The primary advantages of user-level threads are efficiency and flexibility. Because the operating system is not involved, user-level threads can be made to use very little memory, and can be created and scheduled very quickly. User-level threads are also more flexible because the thread scheduler is in user code, which makes it much easier to schedule threads in an intelligent fashion -- for example, the application's priority structure can be directly used by the thread scheduler [9].
The primary disadvantage of user-level threads compared to kernel threads is
the lack of operating system support. For example, when a user-level thread
makes a blocking call, the kernel does not start running another user-level
thread. Instead, the kernel suspends the entire calling kernel thread or
process, even though another user-level thread might be ready to run.
To avoid this blocking problem, some systems such as AIX and Solaris support
``N:M'' thread scheduling, which maps some number
of application threads
onto a (usually smaller) number
of kernel entities.
There are two parties, the kernel and the user parts of the thread system,
involved in each thread operation for N:M threading, which is complex.
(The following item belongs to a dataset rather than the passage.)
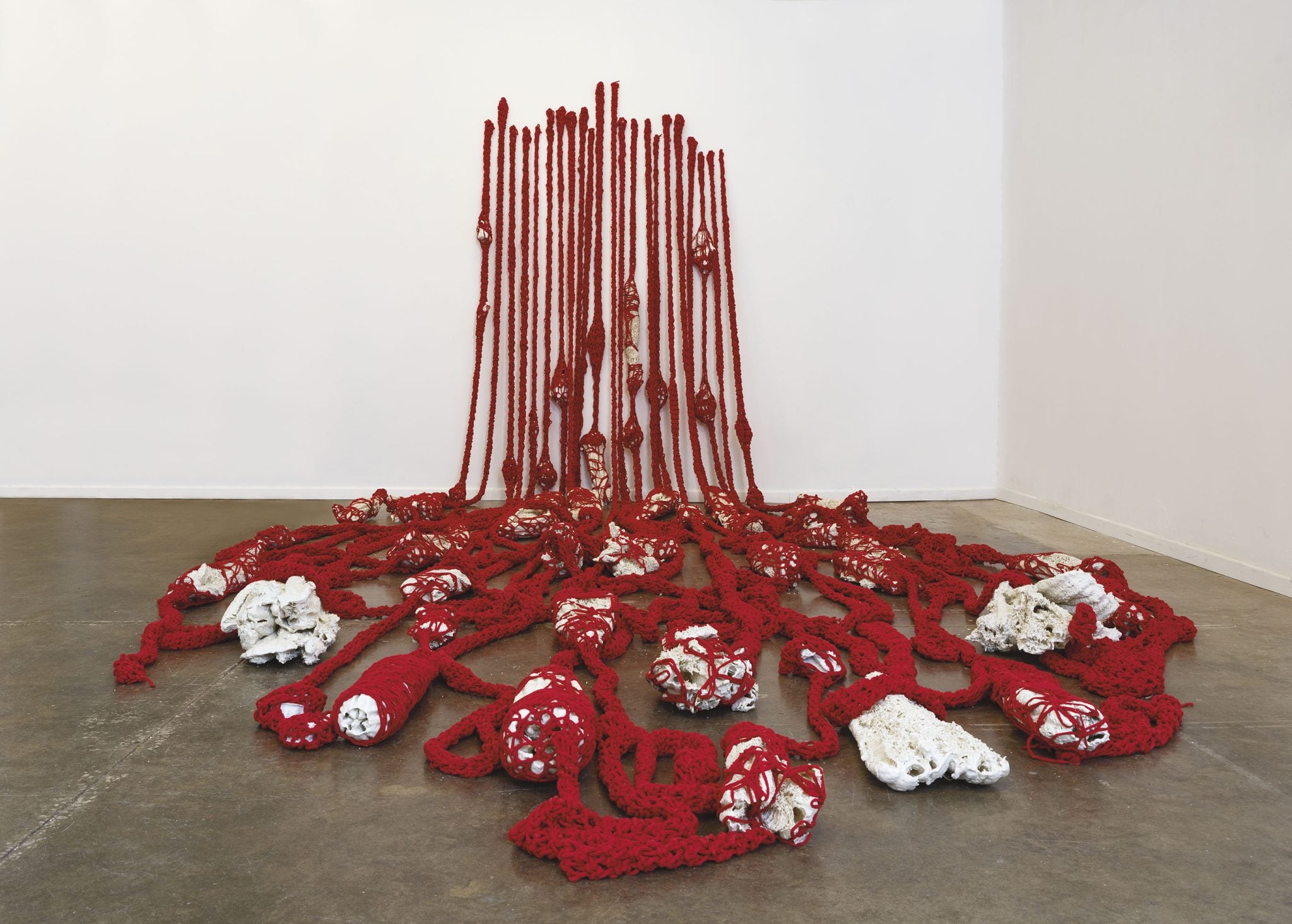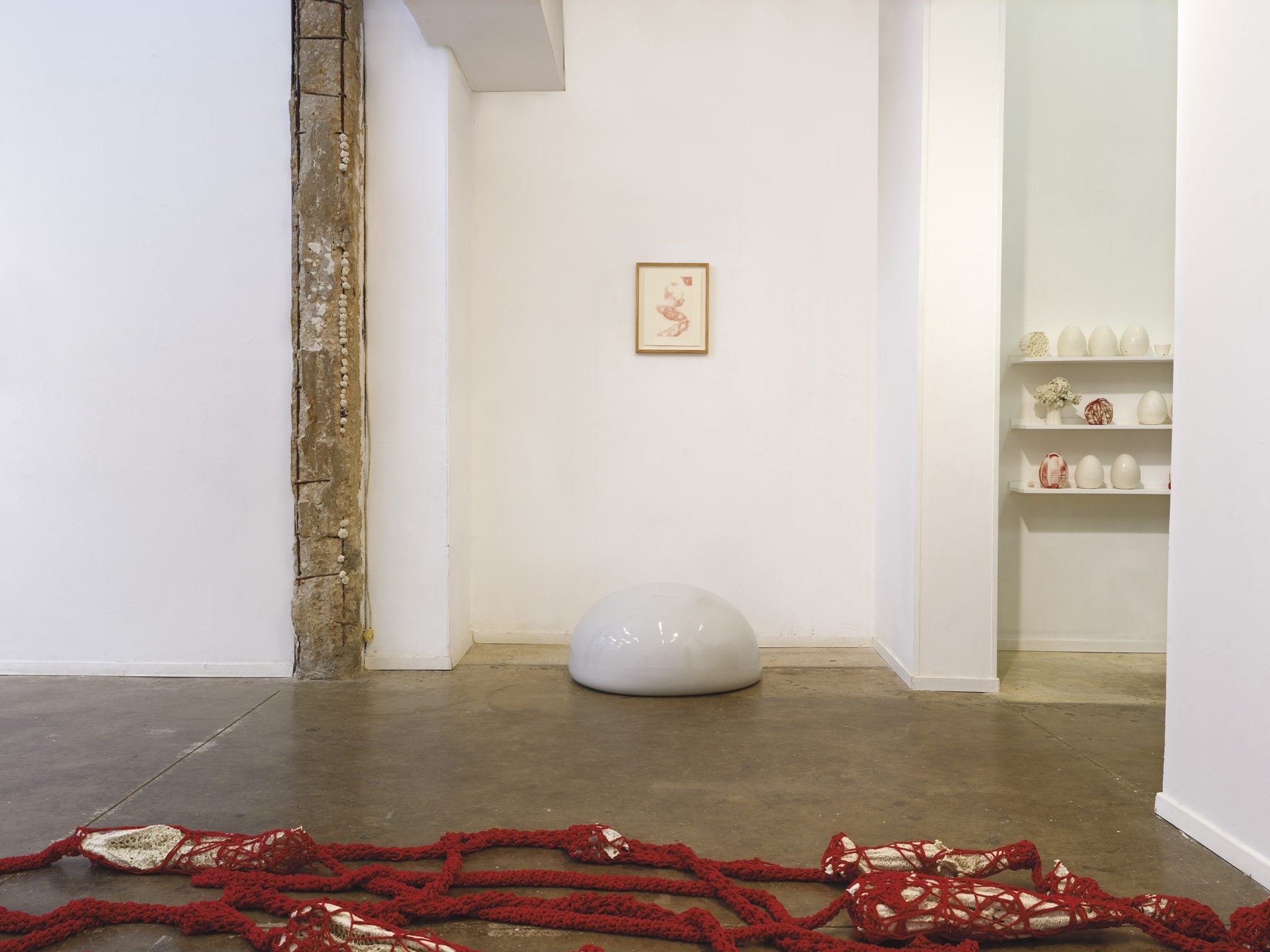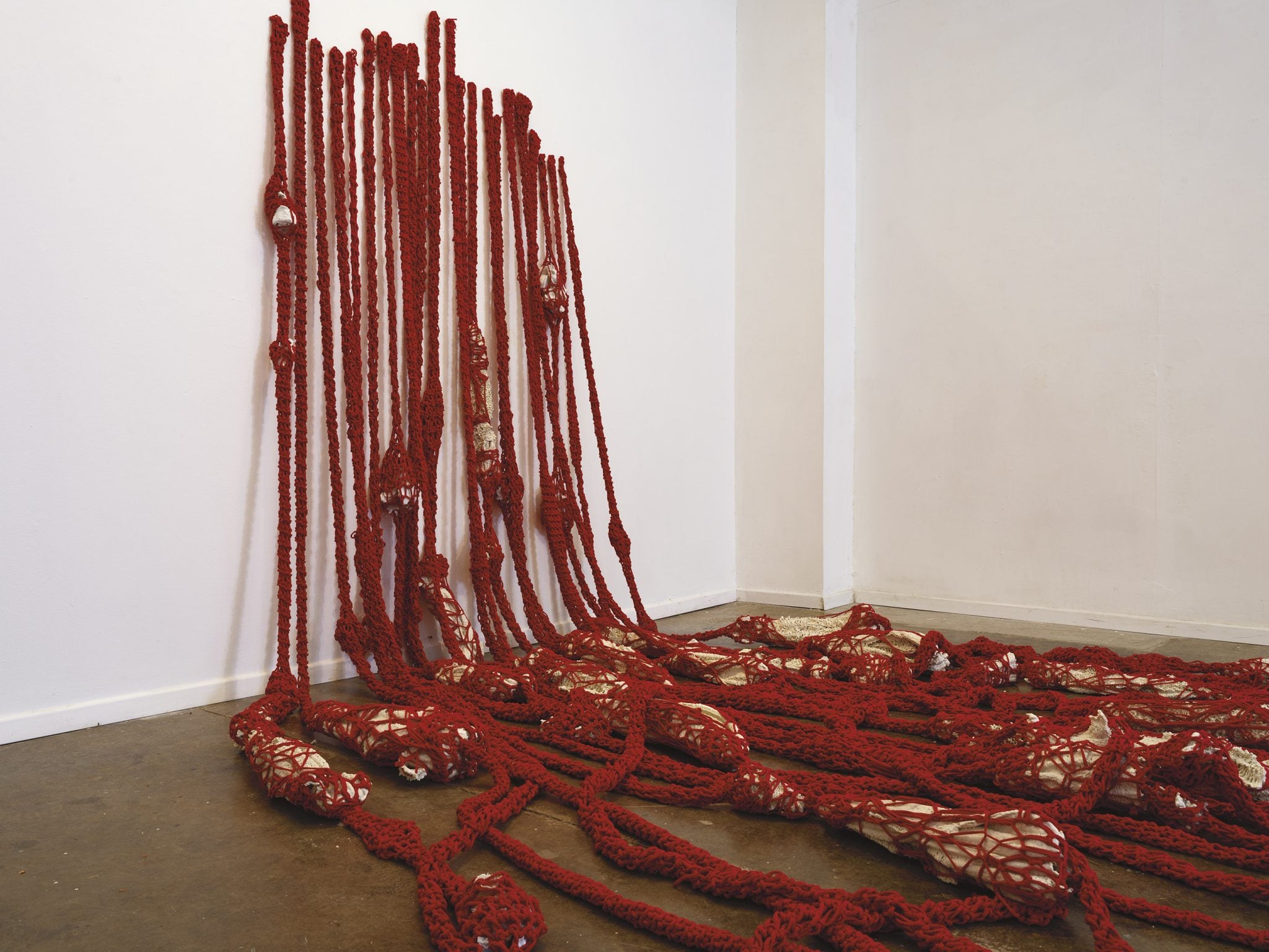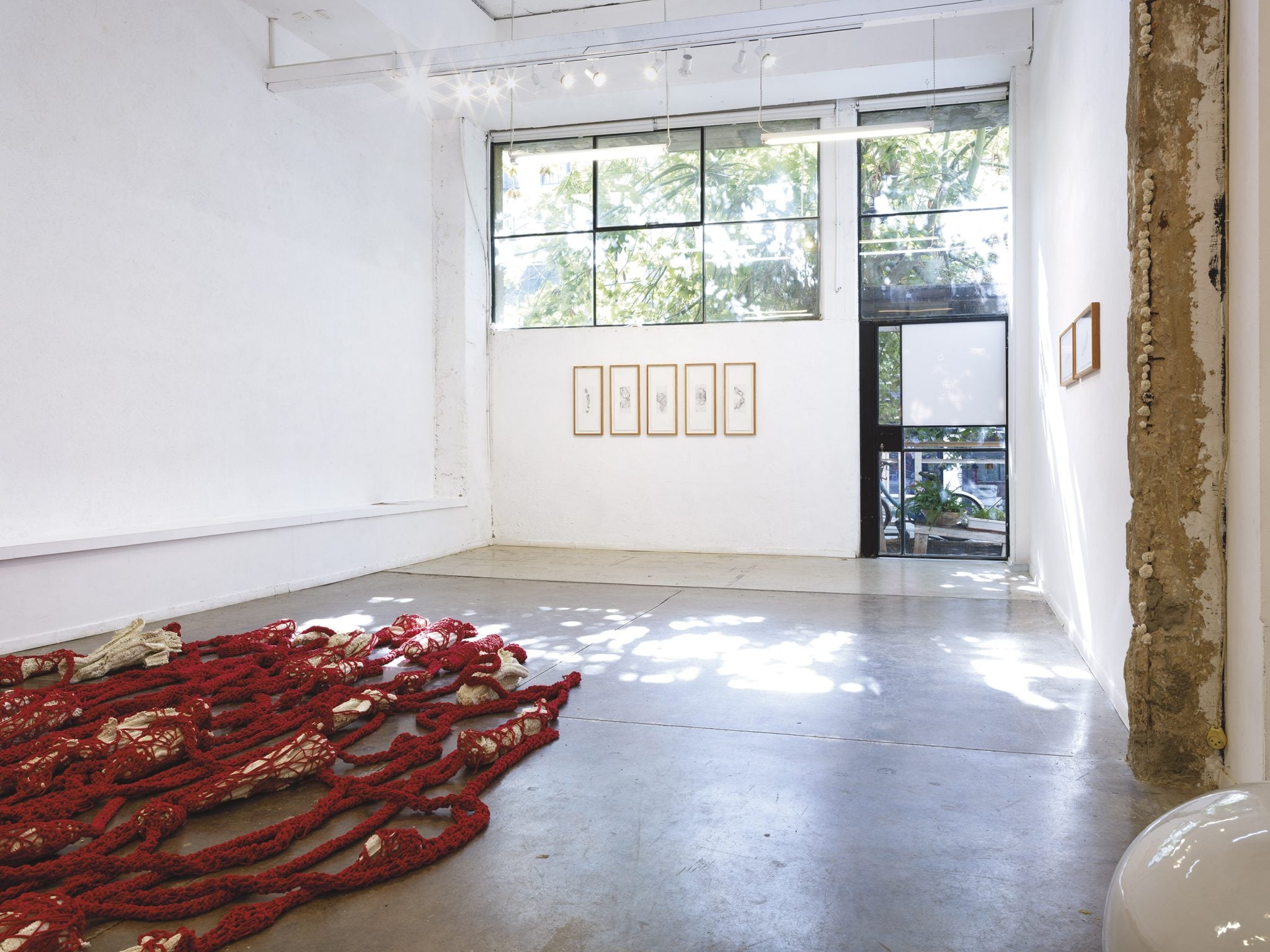 המיצב המרכזי בתערוכה מתפקד כגוף חי. חוטים אדומים משתלשלים מקיר שגובהו כשני מטרים, נקשרים זה בזה, מסתבכים ונספגים אל תוך הרצפה שצבעה אפור בטון. הצבע האדום מזכיר דם, פצע, גוף וגם סוג של פעולה כירורגית; ומעלה קשר ישיר בין חומר, גוף וזמן. החוטים כורכים את האוביקטים העטופים – גופי הליפה המפוסלים, שמזכירים איברים או פצעים. אלו מתפקדים כמעין צלקות פועמות; אלמנטים קשורים זה בזה ומחוברים אל ליבה אחת.

The blocking problem can also be avoided by building a smarter
runtime layer which intercepts blocking calls, replaces them with a
non-blocking call, and starts another user-level thread while the call
proceeds [1]. Yet another approach is to provide support in the kernel to
notify the user-level scheduler when a thread blocks, often called
``scheduler activations'' [3,38].
Since user-level threads are controlled in user code, there is virtually no limit on the maximum number of threads as long as the resource allows. In practice, one can create 50,000 user-level threads on a Linux box very easily (see Table 2).